# It's a Thin Line  (Diamante)



## musichal (Jul 30, 2015)

deleted, see blog​


----------



## Darkkin (Jul 30, 2015)

Reciprocal with no variation!  Nicely wrought.


----------



## rcallaci (Jul 30, 2015)

a pure diamante in a variant form- beautiful - darkkin and I may disagree with what is a variant but it really doesn't matter. Excellent and beautiful poetry is excellant and beautiful poetry. Your diamante is very innovative and thought provoking. Purity is in the eyes of the beholder- 

warmest
bobI


----------



## Foxee (Jul 30, 2015)

Wow. Speaking as someone with very little eddykashun regarding poetic forms, this is really evocative.


----------



## Mesafalcon (Jul 30, 2015)

I don't know what a diamante is, but this seems like a pretty good one.
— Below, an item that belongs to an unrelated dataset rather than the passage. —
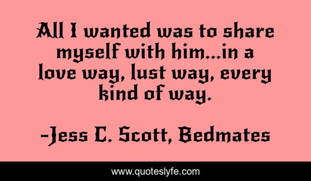 This page presents the quote "All I wanted was to share myself with him...in a love way, lust way, every kind of way.". Author of this quote is Jess C. Scott, Bedmates. This quote is about desire, lovers, love, lust, passion, affection,.

I'm not at the level to rate it. Let's just say - it was a nice read.


----------



## Bard_Daniel (Jul 30, 2015)

I'm not familiar with the diamante very well. I've maybe seen two of those poems in my lifetime, but I thought this was, nonetheless, as others said, evocative.


----------



## Firemajic (Jul 31, 2015)

A bewitching mirror image... reflecting love to hate...Love the title... it IS a very thin line between love and hate, easily crossed in a single step.. Write on Musichal... Peace... Julia


----------



## ryanmpelton (Jul 31, 2015)

It looks really great. I don't know much about diamante, but I liked the poem. It says deep things in a very different way. Hats off mate. Keep it up.


----------



## Gumby (Jul 31, 2015)

What an awesome poem, musical! The form suited the subject to perfection! You nailed this one.


----------



## writingworld (Aug 14, 2015)

Thought provoking. Good job! Very well thought out.


----------



## jenthepen (Aug 14, 2015)

Oops, I nearly missed this one. Clever, the way you applied the emotions to both love and hate and it worked! Good poem!


----------